> _DATA SHOWN_
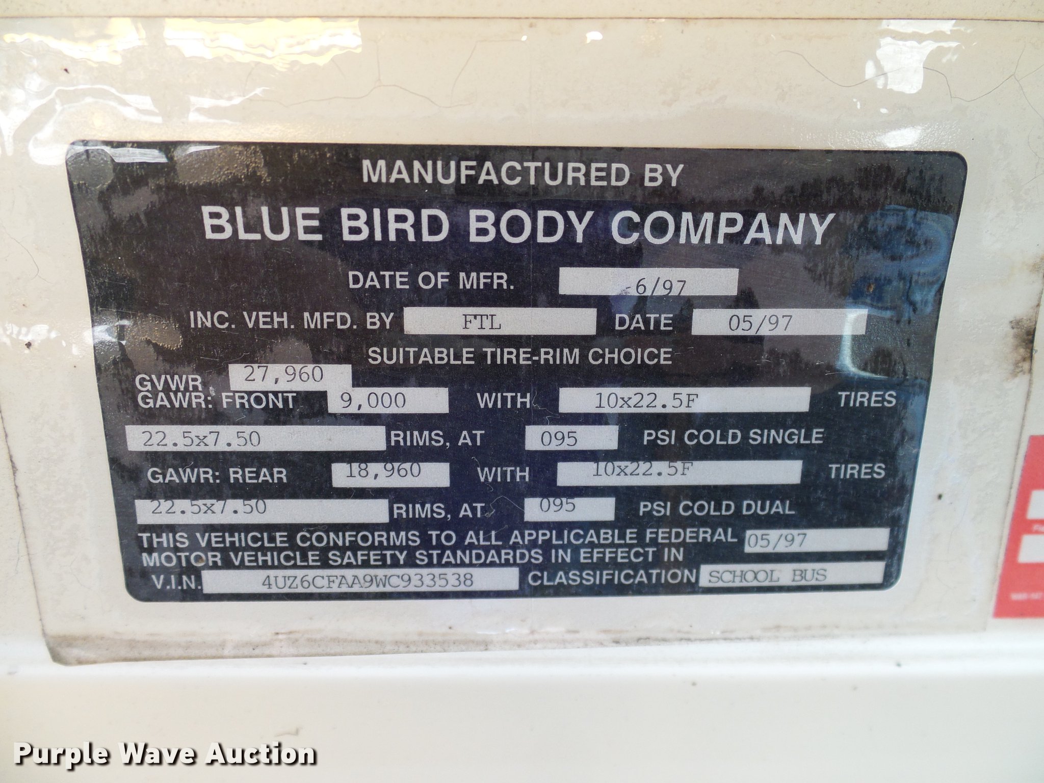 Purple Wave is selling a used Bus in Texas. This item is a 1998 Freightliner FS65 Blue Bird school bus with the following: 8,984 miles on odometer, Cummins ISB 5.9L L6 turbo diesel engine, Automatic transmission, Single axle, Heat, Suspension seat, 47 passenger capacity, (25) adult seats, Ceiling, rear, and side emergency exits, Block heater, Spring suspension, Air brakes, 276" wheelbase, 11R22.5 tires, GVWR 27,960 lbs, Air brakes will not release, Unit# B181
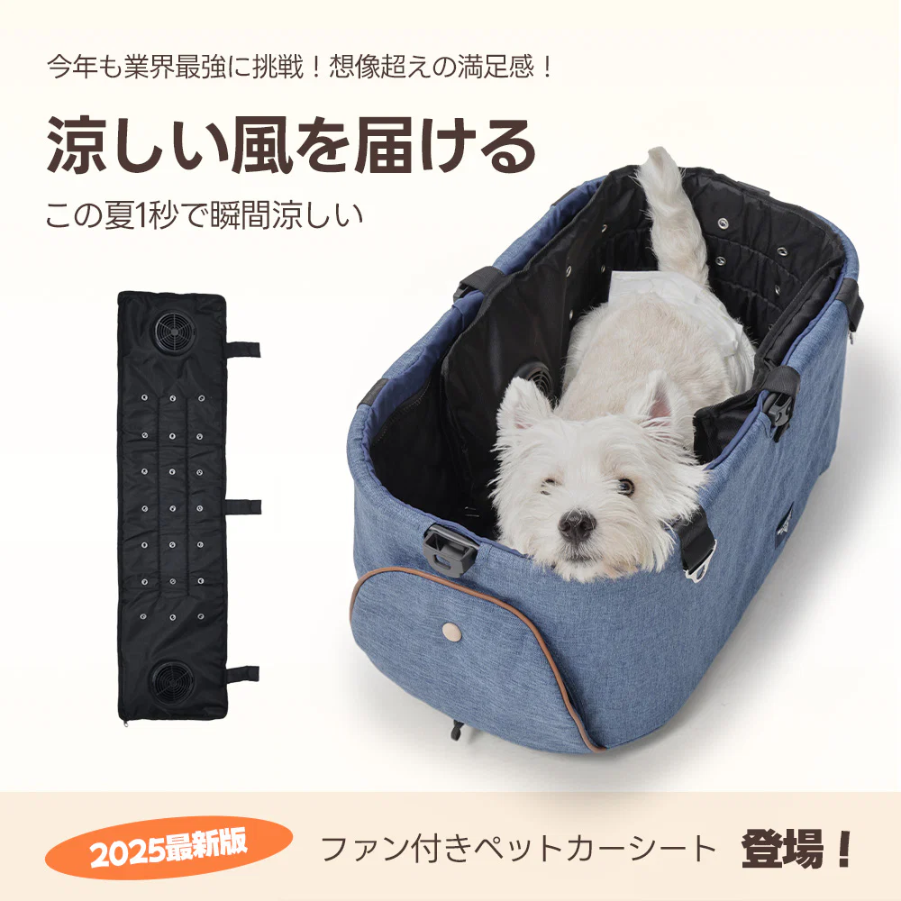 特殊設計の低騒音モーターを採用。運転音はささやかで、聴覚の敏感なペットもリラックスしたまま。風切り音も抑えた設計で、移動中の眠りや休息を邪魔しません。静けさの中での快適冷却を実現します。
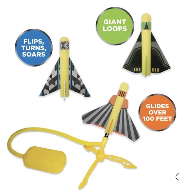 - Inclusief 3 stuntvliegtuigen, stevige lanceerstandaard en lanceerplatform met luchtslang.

> _TRY IT_
Repeat the material exactly. Skip the images.

> _ANSWER AREA_
 Purple Wave is selling a used Bus in Texas. This item is a 1998 Freightliner FS65 Blue Bird school bus with the following: 8,984 miles on odometer, Cummins ISB 5.9L L6 turbo diesel engine, Automatic transmission, Single axle, Heat, Suspension seat, 47 passenger capacity, (25) adult seats, Ceiling, rear, and side emergency exits, Block heater, Spring suspension, Air brakes, 276" wheelbase, 11R22.5 tires, GVWR 27,960 lbs, Air brakes will not release, Unit# B181
 特殊設計の低騒音モーターを採用。運転音はささやかで、聴覚の敏感なペットもリラックスしたまま。風切り音も抑えた設計で、移動中の眠りや休息を邪魔しません。静けさの中での快適冷却を実現します。
 - Inclusief 3 stuntvliegtuigen, stevige lanceerstandaard en lanceerplatform met luchtslang.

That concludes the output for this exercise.